Students can map out their pathway to graduation, adjusting for different majors and minors as they go along. If they sign up for a class that doesn’t count toward their major, an alert pops up noting that it is “not in plan,” and the system recalibrates when they will graduate.
“You’re welcome to take the course — it’s your decision,” said Rodwell, who works in the UH-Manoa Office of Undergraduate Education. “We are empowering them to make the decision.”
Pilot testing showed STAR, developed by Rodwell and a team of students, dramatically reduced the number of credits taken that didn’t count toward students’ degrees.
The Sector Mapping Tool, expected to debut in a month or two, digests scads of economic and employment data to help students as they figure out what they want to do with their lives. It uses data visualization and heat mapping to illustrate hot spots in the economy, which careers are taking off and which are dwindling.
Students can take an online test to see where their interests might be and what majors could suit them. They can click on any job description and find out the skills needed, pay scales, projected demand for the position in future years locally and nationally, and even which companies are hiring. The system scoops up information from “help wanted” ads regularly, along with government reports and economic data, to stay fresh.
Peter Quigley, associate vice president of UH Community Colleges, developed the tool with Paul Sakamoto, web manager for the community colleges. It incorporates data from EMSI, which tracks the labor market.
“We have every job in the state of Hawaii on our database,” Quigley said. “The problem is that it’s a huge pile of data. Our portal has organized that data in a way that’s very robust and usable.”
A STEM button highlights careers in science, technology, engineering and math. The analytics for that segment were funded with assistance from Strada Education Network.
Traditionally there has been a gulf between the “ivory tower” of academia and the world of work, Quigley noted. An English major, he learned a different approach as academic dean at Embry Riddle University, which specializes in aerospace engineering.
“Our relationships with industry were hand in hand, which is interesting, which kind of runs against the grain,” he said. “I came up in a humanities background, and the idea was to be as far away from that as you could.”
“Now the points of contact are getting much more close,” he added. That is part of an effort, both nationally and locally, to more strongly align academics and the economy.
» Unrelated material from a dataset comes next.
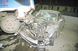 4月7日零时10分许,市北交警大队接到报警,在东西快速路三百惠西侧500米处,一辆中巴车车头压住了一辆奥迪TT跑车的车头。

Quigley said sector mapping can offer dynamic answers for university administrators to questions like “How does the latest proposal for a new program fit within the economic profile of the state?” and “How will students benefit?”
“The Sector Mapping Tool will benefit our academic program planning at the community colleges, and it can inform policy decisions inside and outside of the university,” said John Morton, UH vice president of community colleges. “It provides a means for the business sector and the university to identify and address future workforce needs while giving incoming students the ability to make highly informed career path decisions.”
The Sector Mapping Tool received the 2017 Bernice Joseph Award from the Western Alliance of Community College Academic Leaders at its annual meeting last month. The award recognizes innovation, problem-solving capability and potential impact on two-year institutions.
In November UH received two President’s Awards from Complete College America, which recognizes innovation and contributions to college completion efforts. One was for the initial version of STAR, the other for the “15 to Finish” campaign, which urges students to take 15 units a semester and has been widely replicated on campuses elsewhere.